Patient-derived esophageal adenocarcinoma organ chip: a physiologically relevant platform for functional precision oncology
- PMID: 40410759
- PMCID: PMC12102830
- DOI: 10.1186/s12967-025-06593-1
Patient-derived esophageal adenocarcinoma organ chip: a physiologically relevant platform for functional precision oncology
Abstract
Background: Esophageal adenocarcinoma (EAC) is the sixth most deadly cancer worldwide, with increasing incidence in North America. As no targeted therapy or immunotherapy has revolutionized the management of EAC, chemotherapy is the only standard of care. Most patients with EAC experience poor outcomes because of the inherent or acquired resistance to chemotherapy.
Methods: Adapting a patient-centered approach, we leveraged a microfluidic cell culture technology platform (Emulate), organoids derived from treatment-naive patient tumors or adjacent normal tissues, and patient-matched cancer-associated or normal fibroblasts respectively, to develop a novel, physiologically relevant, high-fidelity preclinical esophagus-on-a-chip model. H&E, immunofluorescence staining, live/dead assay, LDH assay, and ELISA-based detection of tumor biomarkers were used to assess treatment responses.
Results: Each patient-specific stroma-inclusive microfluidic esophageal adenocarcinoma on-a-chip (EAC chip) faithfully recreates the tumor-stroma interface while preserving the full diversity of two cell types (epithelia and fibroblasts), genetic landscapes and histological architecture of the source tumors. EAC chips also accurately predict the response to neoadjuvant chemotherapy (NACT) within a clinically useful timeframe (approx. 12 days). A docetaxel-based triplet chemotherapy regimen matched with the treatment of the source patient was successfully perfused through the interstitial space within this model. Therefore, EAC chips more accurately recapitulate inpatient pathological and objective responses than the corresponding static 3D-organoid-only cultures.
Conclusions: Overall, this model is an effective tool for predicting patients' responses to chemotherapy and testing tumor- or stroma-targeted alternative therapies. Moreover, these high-fidelity, low-throughput EAC chips effectively complement high-throughput PDO culture-based drug testing and provide improved insights into drug efficacy before human studies.

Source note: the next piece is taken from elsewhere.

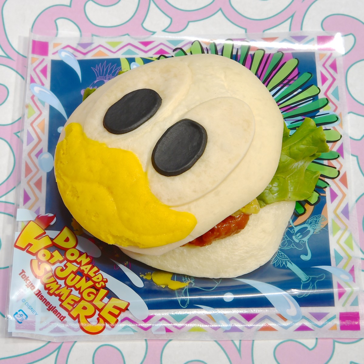 2019年夏のスペシャルイベント"ドナルドのホット・ジャングル・サマー2019"のメインショー『オー!サマー・バンザイ!』の主役「ドナルドダック」のお顔型サンドウィッチ。

Keywords: Cancer-associated fibroblasts; Esophageal adenocarcinoma; Organ-on-a-chip; Organoids.
© 2025. The Author(s).
Conflict of interest statement
Declarations. Ethics approval and consent to participate: Patient data were used in this study, with informed consent obtained from each patient prior to the diagnostic biopsy. The study was approved by the Research Ethics Board of the McGill University Health Centre (protocols 2007 − 856 and 2021–7681). Consent for publication: The study includes data from individuals who provided consent for their information without identity to be used exclusively for research purposes. Conflict of interest: Dr. Donald E. Ingber is a founder, board member, and chairs the SAB of Emulate Inc., and holds equity. The remaining authors disclose no conflicts.